Cava Lab

Production of NCDAAs in Vibrio cholerae is performed by BsrV, a new type of multi-specific racemase. Given the important adaptive properties provided by NCDAAs to cell wall and biofilm stability, investigation of this type of racemases in detail is critical for both understanding NCDAAs controlled processes as for the biotechnological and biomedical exploitation of these biocatalysts.
In addition, BsrV expression is fully dependent on RpoS, suggesting that NCDAAs are released in all environmental situations that require this stress sigma factor. A major goal of our lab is to identify the biological benefit that production of NCDAA gives to Bsr-encoding bacteria at all levels.

PG regulation by NCDAAs occurs mainly through the generation of modified muropeptides, which, acting as non-preferred substrates, might slow down the activity of the PBPs and, thus, PG biosynthesis rate. In a previous work, we unveiled two enzymatic pathways for NCDAA incorporation: periplasmic LD-transpeptidases (Ldt) and/or cytoplasmic biosynthetic ligases (Ddl and MurF).

We want to characterize these activities and the consequences of such editing on the enzymes that synthesize and remodel the murein sacculus. Elucidating the mechanisms by which NCDAAs govern cell wall remodelling will undoubtedly reveal new paradigms for understanding how extra-cytoplasmic processes are regulated as well as lead to development of novel therapeutics.
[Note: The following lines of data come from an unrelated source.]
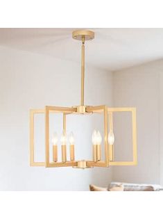6-Light Gold Chandelier, Farmhouse Rustic Dining Room Light Fixture Over Table, Modern Geometric Industrial Metal Hang Lighting Fixtures, for Foyer Entryway Kitchen Island Hallway Bedroom Living Room
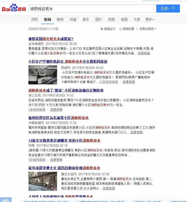 百度搜索“消防栓没水”,发现3120多篇相关的新闻报道,都是因为发生火灾的时候,消防栓内没有水成为了摆设,给人民群众的生命财产安全造成了重大损失。
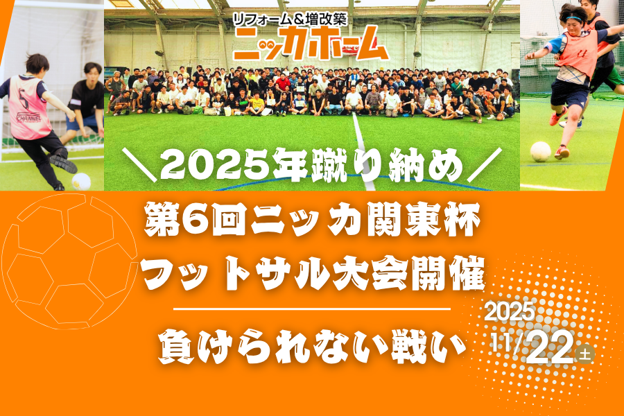 住宅リフォーム事業を手掛ける ニッカホーム株式会社(本社:愛知県名古屋市緑区篭山、代表取締役社長:西田裕久、以下 ニッカホーム)関東支社は、社内レクリエーションとして実施している「ニッカホーム関東杯(フットサル大会)」を、2025年11月22日(土)に開催します。
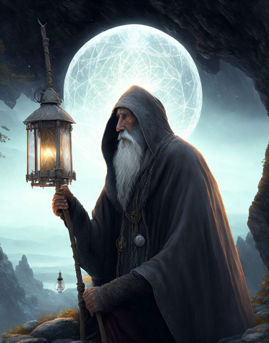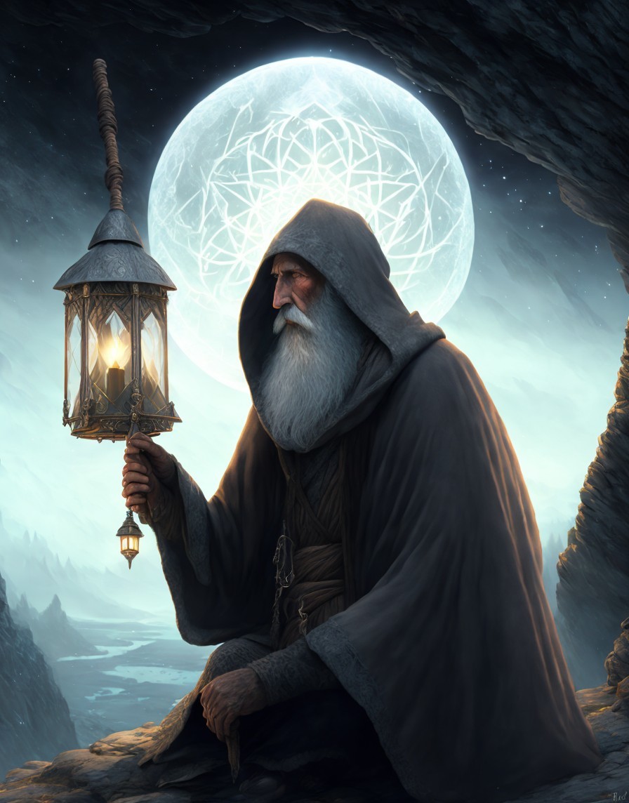 An old wizard with a lantern sits contemplatively under a luminous full moon on a cliffside at night.
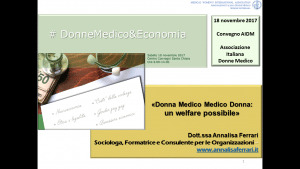 - Annalisa Ferrari, sociologa, formatrice e consulente per le organizzazioni, ha relazionato sui temi della conciliazione e del welfare con l’intervento “Donne Medico – Medico Donne: un welfare possibile”

We have launched an integrative research program to uncover and exploit the unnoticed variability of the bacterial cell wall. This investigation is imperative for a realistic understanding of cell wall biology in nature, in particular its role in environmental adaptation and signalling.

Gathered data will be the basis of the first comprehensive bacterial cell wall database and ad hoc software: The MUREINome. Such a database will be highly relevant to properly understand bacterial relations with neighbouring organisms at all levels, and their adaptation to environmental challenges.
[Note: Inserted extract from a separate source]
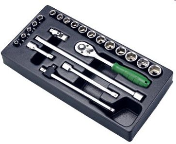 TT-15 Ложемент 3/8" с набором головок и аксессуары 3120GQ Трещотка с быстрым сбросом 3/8” 3800-3/-6/-12 Удлинители 75 мм/150 мм/300 мм 3/8” 3200 Шарнир карданный 3/8” 3770-8 Т-образный вороток 3/8” 3400М Головка торцевая шестигранная 3/8”: 6, 7, 8, 9, 10, 11, 12, 13, 14, 15, 16, 17, 18, 19, 20, 21, 22 мм
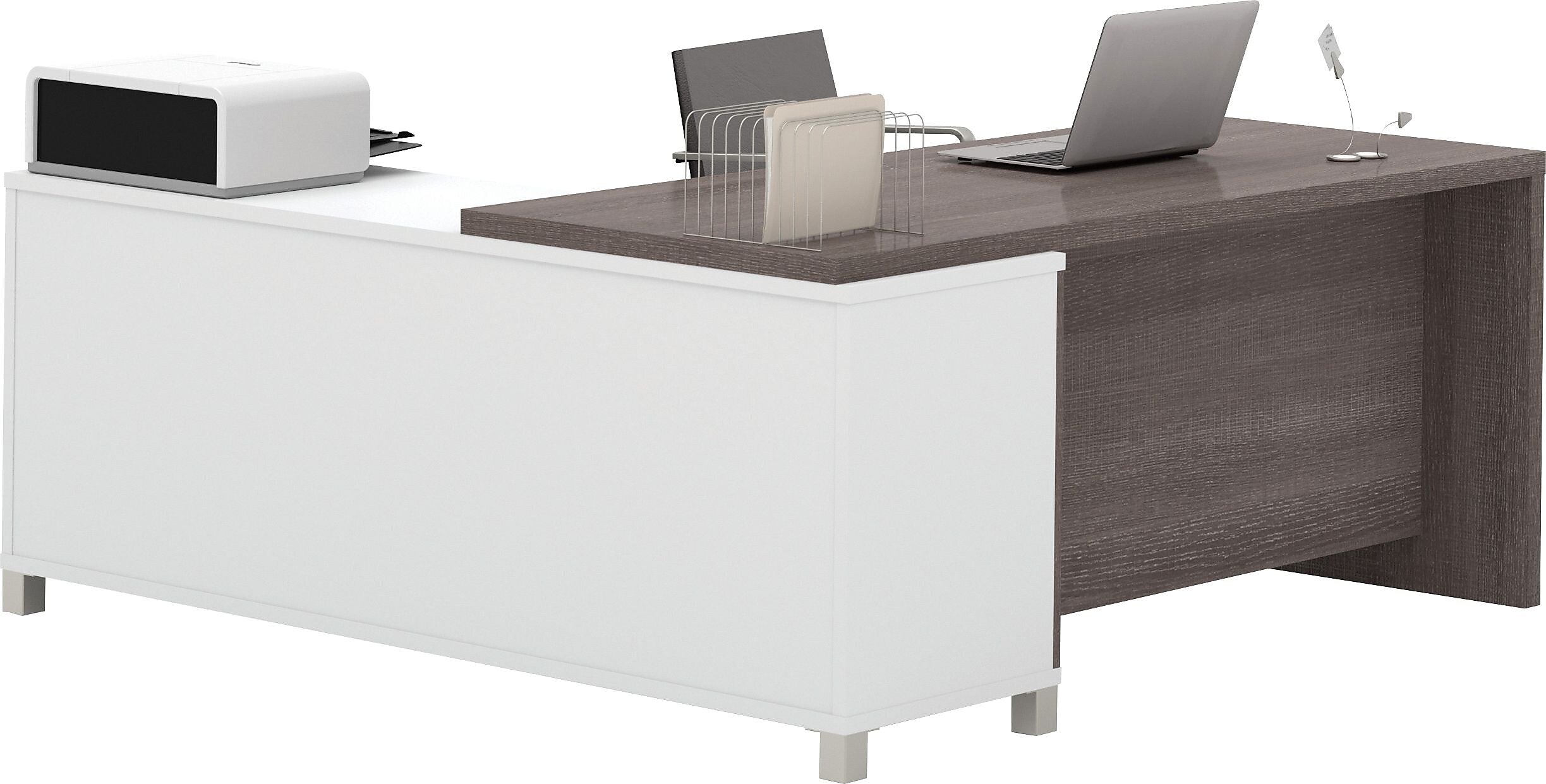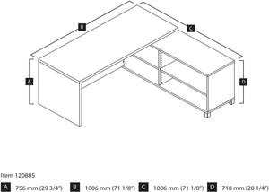 Bestar Pro-Linea 71"W L-Desk, White & Bark Grey (120885-47)

Moreover, this research might lead to the discovery of new metabolic and regulatory pathways with great potential in the development of new species-specific antimicrobials therapies. Therefore, this project promotes collaborative networks amongst fairly unconnected disciplines in life sciences, both in academia and in the public health field.

Despite bacteria being the most versatile organisms on Earth, most species cannot be investigated in the laboratory since their growth is strictly dependent on the activity of neighboring organisms that share the same niche. To overcome this drawback, different –omics have introduced global analysis (META-analysis) of genomes, proteins, RNA and metabolites to perceive the presence of microbes and the dynamics of their processes right in the natural environment.

Similarly, cell wall research can only be interpreted correctly if laboratory bench work is reconciled with environmental analysis. We propose to decipher the META-MUREINOME of specific, well defined environments as the starting point of what could develop into a new scientific field.

A common strategy for bacterial growth and survival is the formation of biofilms – bacterial communities found in surfaces and interfaces held together by an extracellular matrix. The formation and subsequent dispersal of the biofilm is of major importance for colonization of a host and the generation of outbreaks.

Recent evidence shows that biofilm development can be influenced by signalling molecules, i.e. secondary metabolites that bacteria produce and secrete to the environment and that play an important role both in intra- and inter-species communication. This is of great importance in the environment, where bacteria must develop strategies to compete with other bacteria inhabiting the same niche, adapt to ever-changing conditions and survive.

Our group is interested in deciphering molecular mechanisms behind environmental stimuli that govern biofilm development of V. cholerae which could be of importance (i) upon infection of a host and subsequent transmission, and (ii) for interspecies communication with other microorganisms inhabiting the same niche in their natural environment.

There are many fundamental cellular processes in bacteria (i.e cell wall biosynthesis) are often regulated by multiple genetic elements. This functional redundancy protects cell’s viability from genetic or chemical inactivation. V. cholerae cells have a characteristic curved rod-shape morphology, similar to those present in other gastrointestinal pathogens like Helicobacter pylori and Campylobacter jejuni.

Recent studies revealed novel factors (e.g. peptidoglycan hydrolytic enzymes) regulating helical shape in these bacteria and have provided unprecedented insights that link morphogenesis and bacterial adaptation to infection. Hence it is of clinical importance to uncover new factors regulating bacterial shape and polarity.

The human pathogen Vibrio cholerae has puzzled the scientists since its discovery 150 years ago. Experts who studied the bacterium couldn’t understand that the bacterium was not able to grow under anaerobic conditions despite it was equipped with an active metabolic machinery which should enable the organism to respire nitrate instead of oxygen, conditions that typically exist in the gastrointestinal tract. The common opinion was that the bacteria accumulates the intermediate product nitrite which inhibits further growth.

We are studying this bacteria under low-oxygen and different pH-conditions. We have discovered an elegant pH-dependent metabolic mechanism which permits the pathogen to switch to a resting mode with preserved viability, providing competitive advantage against commensal bacteria to better colonize and infect the intestine.